About Sweet Clay

Sweet Clay was created by Sam McAlilly to help promote Mississippi farmers. Growing up eating sweet potatoes from Vardaman—the Sweet Potato Capital of the World—I've decided that there's something special about food grown in the red clay of the Mississippi hill country. All of these people ate food grown in that soil: Elvis, William Faulkner, Junior Kimbrough, Ida B. Wells, Jim Dickinson, Steve Holland, and more.

Our Mission

This holiday season is our first test: shipping organic sweet potatoes from Mississippi direct to consumer. We hope this is the beginning of a larger vision to support and strengthen Mississippi's food systems, starting with farmers in Mississippi's "sweet potato belt."
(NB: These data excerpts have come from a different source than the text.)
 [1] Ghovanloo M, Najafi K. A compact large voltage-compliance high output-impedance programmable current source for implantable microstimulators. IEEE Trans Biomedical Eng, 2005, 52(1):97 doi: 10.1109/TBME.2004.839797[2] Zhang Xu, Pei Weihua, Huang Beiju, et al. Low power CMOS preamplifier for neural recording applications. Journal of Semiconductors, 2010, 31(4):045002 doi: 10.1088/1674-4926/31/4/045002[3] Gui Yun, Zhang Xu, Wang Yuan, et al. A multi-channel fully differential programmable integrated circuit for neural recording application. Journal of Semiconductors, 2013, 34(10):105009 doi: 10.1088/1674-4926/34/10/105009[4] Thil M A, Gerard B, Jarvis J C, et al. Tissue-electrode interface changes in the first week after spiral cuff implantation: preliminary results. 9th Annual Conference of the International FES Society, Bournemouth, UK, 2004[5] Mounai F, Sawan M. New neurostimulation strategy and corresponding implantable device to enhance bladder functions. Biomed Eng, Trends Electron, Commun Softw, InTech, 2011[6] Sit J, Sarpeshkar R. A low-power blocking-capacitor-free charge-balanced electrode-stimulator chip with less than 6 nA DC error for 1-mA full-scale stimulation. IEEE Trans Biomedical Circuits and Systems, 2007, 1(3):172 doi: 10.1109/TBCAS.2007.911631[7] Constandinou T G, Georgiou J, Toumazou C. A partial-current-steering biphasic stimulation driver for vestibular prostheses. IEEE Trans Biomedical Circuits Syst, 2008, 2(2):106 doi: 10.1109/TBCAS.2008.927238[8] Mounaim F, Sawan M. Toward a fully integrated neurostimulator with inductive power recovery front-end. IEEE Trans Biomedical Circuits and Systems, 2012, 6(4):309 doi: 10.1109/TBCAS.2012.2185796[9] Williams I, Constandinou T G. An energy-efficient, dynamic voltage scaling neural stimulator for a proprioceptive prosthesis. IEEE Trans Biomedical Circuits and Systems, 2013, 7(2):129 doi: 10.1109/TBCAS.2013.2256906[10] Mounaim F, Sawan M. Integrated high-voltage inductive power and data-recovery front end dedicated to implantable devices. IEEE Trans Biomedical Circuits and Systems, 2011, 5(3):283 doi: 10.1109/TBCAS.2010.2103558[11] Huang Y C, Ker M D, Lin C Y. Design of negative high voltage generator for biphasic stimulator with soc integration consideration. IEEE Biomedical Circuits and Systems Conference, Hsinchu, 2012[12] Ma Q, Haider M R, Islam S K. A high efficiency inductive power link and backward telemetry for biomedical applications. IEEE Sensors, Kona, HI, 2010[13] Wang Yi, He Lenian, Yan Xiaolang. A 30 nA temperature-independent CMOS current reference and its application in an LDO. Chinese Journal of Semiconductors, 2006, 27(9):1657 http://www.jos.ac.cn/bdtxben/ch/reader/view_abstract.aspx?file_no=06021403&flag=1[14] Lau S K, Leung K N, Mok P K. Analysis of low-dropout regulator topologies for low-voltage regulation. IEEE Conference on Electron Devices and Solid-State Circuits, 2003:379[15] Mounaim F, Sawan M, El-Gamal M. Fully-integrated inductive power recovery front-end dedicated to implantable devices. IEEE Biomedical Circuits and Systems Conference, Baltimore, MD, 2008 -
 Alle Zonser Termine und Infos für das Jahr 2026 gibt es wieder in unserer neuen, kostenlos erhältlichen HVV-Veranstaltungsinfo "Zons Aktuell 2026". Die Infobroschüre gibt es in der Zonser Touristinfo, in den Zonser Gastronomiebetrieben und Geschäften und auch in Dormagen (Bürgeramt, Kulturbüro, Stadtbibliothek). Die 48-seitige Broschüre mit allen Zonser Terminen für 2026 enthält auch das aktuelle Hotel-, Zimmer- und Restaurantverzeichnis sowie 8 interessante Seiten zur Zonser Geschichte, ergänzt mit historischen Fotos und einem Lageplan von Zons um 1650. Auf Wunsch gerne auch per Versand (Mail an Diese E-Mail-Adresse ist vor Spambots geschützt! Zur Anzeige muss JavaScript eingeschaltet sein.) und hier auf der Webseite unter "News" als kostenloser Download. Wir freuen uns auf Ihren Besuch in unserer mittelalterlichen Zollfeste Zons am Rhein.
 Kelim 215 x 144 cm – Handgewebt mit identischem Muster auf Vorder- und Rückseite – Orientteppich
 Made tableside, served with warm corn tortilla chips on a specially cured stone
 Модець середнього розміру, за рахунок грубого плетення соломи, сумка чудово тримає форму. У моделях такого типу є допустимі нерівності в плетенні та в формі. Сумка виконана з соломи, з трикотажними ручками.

We're inspired by this story of selling vidalia onions online, and wanted to try the same idea for Mississippi sweet potatoes. The strong branding already exists for Vardaman sweet potatoes, so we're just trying to craft the Sweet Potato Capital of the World in a new light by selling to consumers directly.

Soil

William Faulkner wrote, "I discovered that my own little postage stamp of native soil was worth writing about and that I would never live long enough to exhaust it."
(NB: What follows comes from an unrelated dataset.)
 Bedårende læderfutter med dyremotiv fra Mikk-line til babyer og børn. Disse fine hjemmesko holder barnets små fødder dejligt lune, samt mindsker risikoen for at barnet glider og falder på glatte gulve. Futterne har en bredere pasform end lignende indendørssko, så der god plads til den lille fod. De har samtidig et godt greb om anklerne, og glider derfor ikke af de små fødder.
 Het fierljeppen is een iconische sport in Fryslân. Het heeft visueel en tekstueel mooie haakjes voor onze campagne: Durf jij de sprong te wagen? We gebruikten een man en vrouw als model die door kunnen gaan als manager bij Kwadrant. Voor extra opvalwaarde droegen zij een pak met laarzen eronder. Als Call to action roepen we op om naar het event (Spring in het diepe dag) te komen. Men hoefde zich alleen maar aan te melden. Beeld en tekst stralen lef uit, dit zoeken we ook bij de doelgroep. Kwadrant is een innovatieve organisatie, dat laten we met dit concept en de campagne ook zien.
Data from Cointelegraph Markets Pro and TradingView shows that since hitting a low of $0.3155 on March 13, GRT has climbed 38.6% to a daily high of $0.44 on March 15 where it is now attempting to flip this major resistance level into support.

The same is true for our food. Each sweet potato carries the story of its soil, its farmers, and the community that tends the land. As Wendell Berry reminds us, "The soil is the great connector of lives, the source and destination of all. It is the healer and restorer and resurrector, by which disease passes into health, age into youth, death into life. Without proper care for it we can have no community, because without proper care for it we can have no life."

Sowing

Sweet Clay begins with holiday sweet potatoes, but our vision extends to creating a cooperative food system that supports Mississippi farmers and strengthens our regional food system.